The idea to study COW came about as Frein and Kline were talking about how they wanted their research to have a more applied focus, as opposed to being purely theoretical. When they decided to investigate the COW program, they invited Whipple to join them, as her specialty is developmental psychology.

In the summer of 2017, the three professors asked COW participants to take pre- and post-tests in which they answered questions having to do with how they felt about themselves.

“The first year we kind of considered it a pilot project—get a better feel for what the program is about and how we could be involved in it,” said Frein.

“So really, we were looking at the effects of the COW program on psychological and then later physical well-being,” added Kline.

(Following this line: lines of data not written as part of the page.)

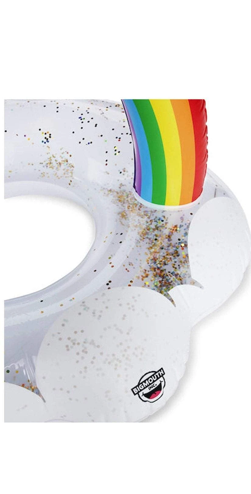 The Big Mouth Giant Rainbow Cloud Pool Float is a large, bright, fun rainbow cloud to lounge and relax on. The cloud is infused with bold colorful glitter so when its in the sunlight it shimmers and shines just like you!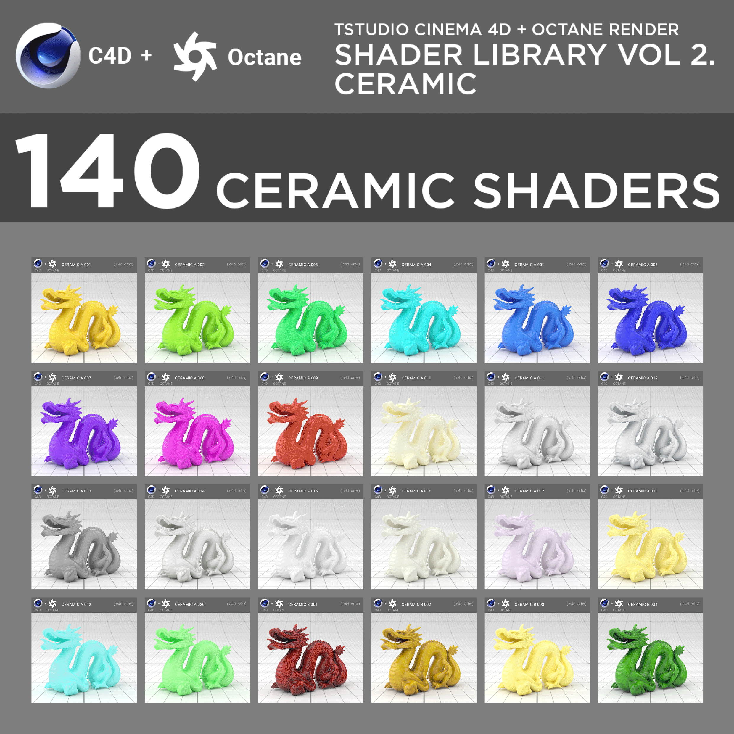 140 high quality advanced shaders for Octane render for CIENEMA 4D (.c4d) and Octane Render standalone (.orbx). The library consist of 140 comon ceramic shaders.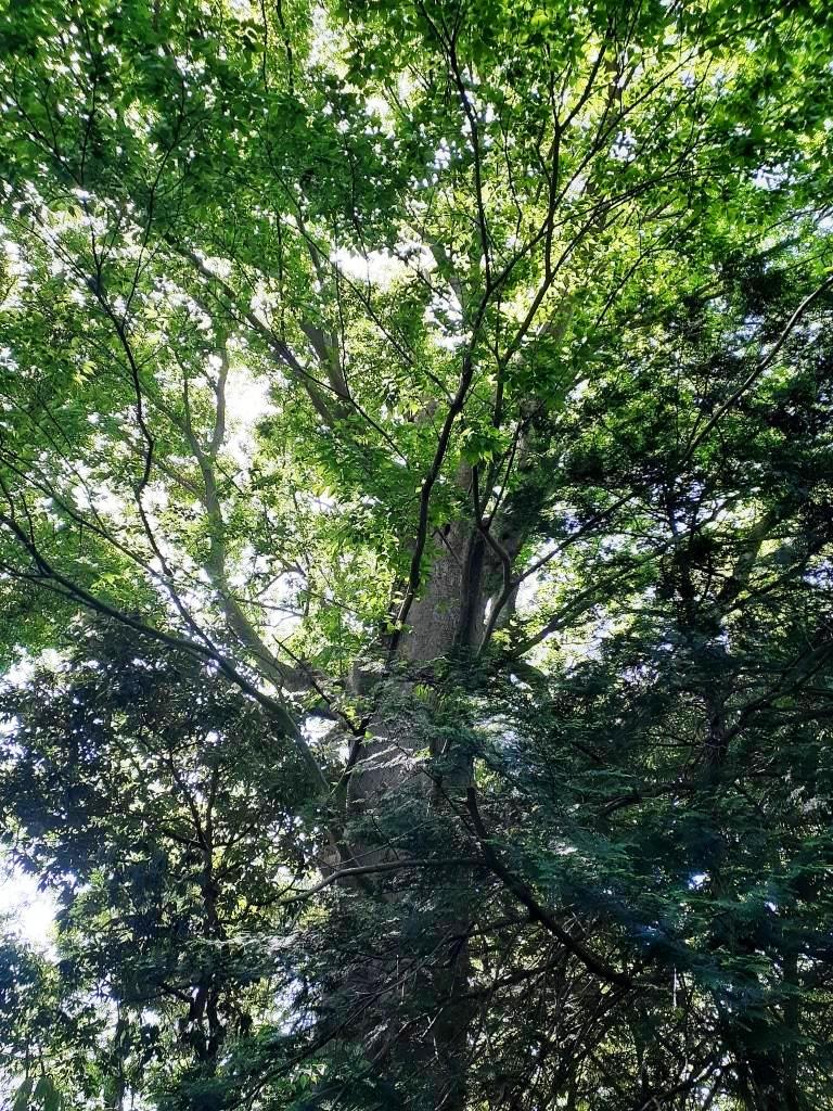 一の鳥居からご神木を望む。

The next year, COW participants were once again asked to take pre- and post-tests designed to measure factors such as self-esteem, self-efficacy, life satisfaction, and more. This time, though, the researchers added physical health measurements such as blood pressure and heart rate, both measured at the beginning and the end of the program.

Kline explained that when the program began, the mean systolic (upper number) blood pressure reading for COW participants was near the upper end of normal for adults. Four weeks later, at the end of the program, it had fallen to the normal range for adolescents.

“We saw significant decreases in blood pressure and heart rate from pre to post,” said Kline, who studies health psychology, or the influence of mental health on physical health.

It would be easy to speculate that increased physical fitness through COW’s plentiful opportunities for sit-ups and running would be the reason for the decreases in blood pressure and heart rate, but Kline was quick to note that the data didn’t support that correlation.

Participants in the College Orientation Workshop (COW) program work on their physical fitness in Cormack Hall.“Their fitness scores were not correlated with their blood pressure and heart rate reductions, but some of the psychological variables were,” he stated.

Coming into the current year, the trio of researchers decided to measure the same variables, but also attempt to answer another question—what is the long-term effect of COW participation?

To find out, the three went online to find a control group of young men who had not been through COW. They then arranged for all of the study participants, both COW, and non-COW, to take follow-up psychological assessments at the three-month, six-month, and one-year marks, with gift cards offered as a reward for survey completion.

“What we’re trying to do with the year-three program is, here are the COW participants and we’re seeing these changes,” explained Frein. “Here’s another group who did not do the COW program. Are we seeing any changes in them?”

But the three professors haven’t been just using the COW participants as guinea pigs in an experiment. They’ve also made an effort to help them build skills that can lead to healthier responses to stress in an unpredictable world.

“[Williams] has been wonderfully supportive of the research and has even invited us to create some workshops for the young men,” explained Whipple.

The workshops, centering on topics such as willpower, self-control, and emotional regulation, have all been taught by Frein, who strives to let participants know that they have more control over their lives than they might think.

“We can’t control what other people do, but we can control how we think,” Frein commented. “Events happen, but we can choose how we react to those events.”

For his part, Williams is grateful to the psychology professors for all they’ve done to support COW. “By helping the [participants] understand how they can better harness their willpower, they can make far better decisions,” Williams commented. “That alone is worth far more than a pound of gold.”

Plans call for Frein, Kline, and Whipple to continue to work with COW participants each summer. They’ve also presented the results of their research at two conferences and have submitted a paper about their work to a peer-reviewed journal.